The song begins with the sound of crickets chirping, providing the feeling of evening coming, the sound morphing into the tinkling of wind chimes at night. This leads into the sound of helicopters, which conjures up images of helicopters carrying their loads of Marines into battle in the Vietnam War or picking up wounded Marines. Then Joel plays a figure on the piano before beginning to sing. The opening is reversed at the end of the song, as the piano figure returns, followed by the sound of helicopters, then wind chimes, and finally the crickets, before the song comes to an end.

Joel has said of the song:
Time has a way of healing wounds or making them easier to look at to see if they've scabbed up. The guys came home from Vietnam and that's it? It doesn't end until these guys are absorbed into the mainstream and we deal with our feelings about it.

==Critical reception==
Billboard called it "uncompromisingly bleak" and said that "The style is subdued and intense, with a strong influence of Kurt Weill." Cash Box praised it for successfully "making a meaningful statement about the Vietnam war within the confines of a pop song". Holden describes the song as possibly "the ultimate pop-music epitaph to the Vietnam War." He also praises the way Joel's voice captures the emotions of a 19-year-old soldier.
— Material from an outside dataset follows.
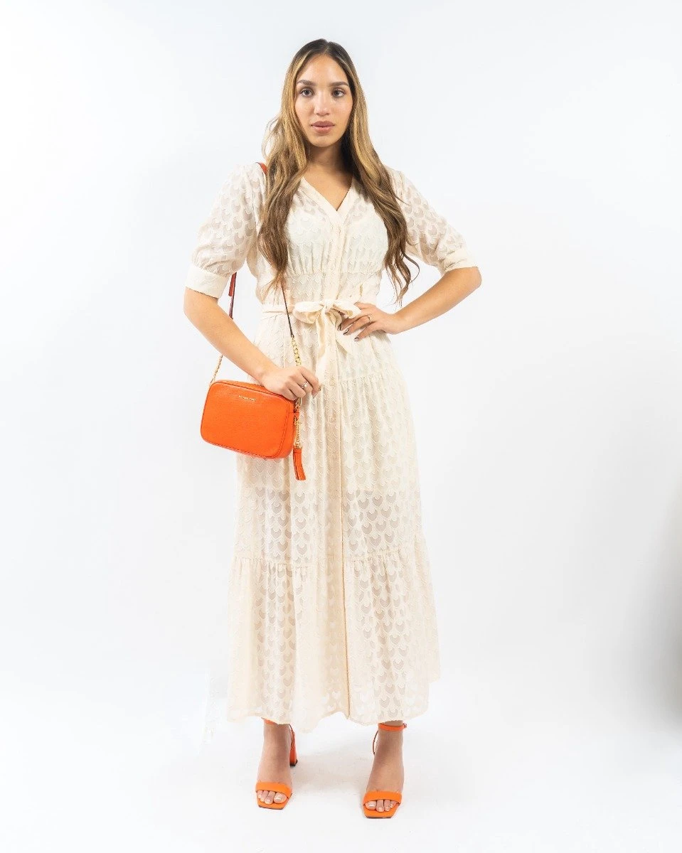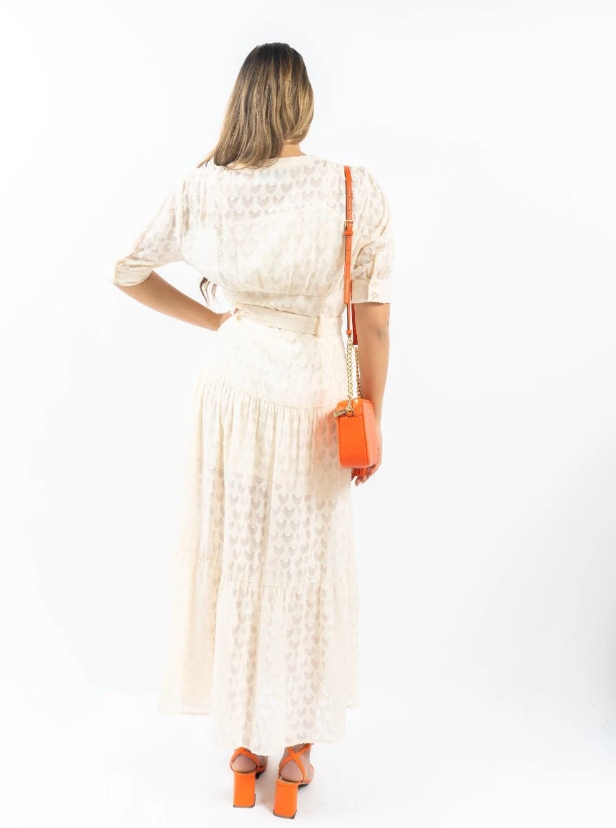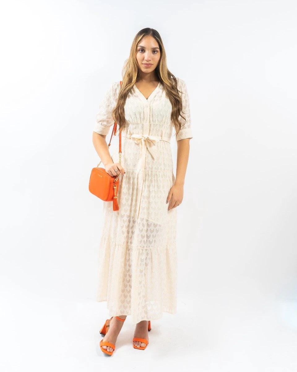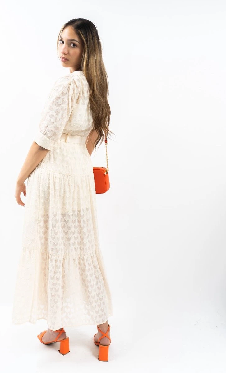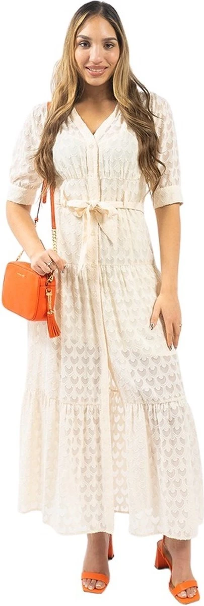 Polik Lange Jurk Polik Lange Jurk uit de nieuwste collectie van Silvian Heach. Deze jurk is beige van kleur en heeft een lange pasvorm. De maxi dress is voorzien van een korte mouwen, een v-halslijn met knoopsluiting aan de voorzijde, een tailleriem en een leuk patroon over de gehele jurk. De jurk is gemaakt van 100% polyester en is perfect te combineren met leuke hakken of sandalen. Het model is 178 cm lang en draagt maat M.

However, fellow Rolling Stone critic Dave Marsh considers it bordering on "obscenity" that the song "refuses to take sides". AllMusic critic Stephen Thomas Erlewine considers it part of a suite on side one of The Nylon Curtain that represents "layered, successful, mature pop that brings Joel tantalizingly close to his ultimate goal of sophisticated pop/rock for mature audiences". Musician Garth Brooks has identified "Goodnight Saigon" as his favorite Billy Joel song. Producer Phil Ramone has stated that the song's symbolism "resonates with many people—especially musicians".

==Other appearances==
"Goodnight Saigon" is regularly featured in Joel's concerts, and live versions were released on the albums Kohuept, 12 Gardens Live, Live at Shea Stadium: The Concert, and My Lives. It has also been included on several compilation albums, including Greatest Hits, Souvenir: The Ultimate Collection, The Ultimate Collection, The Essential Billy Joel, and Piano Man: The Very Best of Billy Joel.

A shortened version of "Goodnight Saigon" was sung by Will Ferrell in a Saturday Night Live sketch, on May 16, 2009, a sketch that also featured cameos by Green Day, Norm Macdonald, Maya Rudolph, Amy Poehler, Tom Hanks, Paul Rudd, Artie Lange, and Anne Hathaway, among others, as background musicians.

"Goodnight Saigon" was included in the play Movin' Out in a scene where one of the characters has a nightmare of his experiences fighting in Vietnam.

Alan Cumming has included this song on his album Alan Cumming Sings Sappy Songs: Live at the Cafe Carlyle. He sings it in touching memory of his grandfather, Tommy Darling.

Garth Brooks Performed "Goodnight Saigon" for Billy Joel and the Obamas at the 2013 Kennedy Center Honors. A choir composed of dozens of men and women who were of an age to have served in Vietnam - many appearing in uniform - joined Brooks for the final chorus.

==Charts==

===Weekly charts===

| Chart (1983–84) | Peak position |
|---|---|
| Belgium (Ultratop 50 Flanders) | 1 |
| Irish Singles Chart | 19 |
| Netherlands (Dutch Top 40) | 1 |
| Netherlands (Single Top 100) | 1 |
| UK Singles Chart | 29 |
| U.S. Billboard Hot 100 | 56 |

===Year-end charts===

| Chart (1983) | Position |
|---|---|
| Belgium (Ultratop 50 Flanders) | 22 |
| Netherlands (Dutch Top 40) | 15 |
| Netherlands (Single Top 100) | 3 |

==Certifications and sales==

| Region | Certification | Certified units/sales |
| Netherlands (NVPI) | Gold | 100,000^{^} |
^{^} Shipments figures based on certification alone.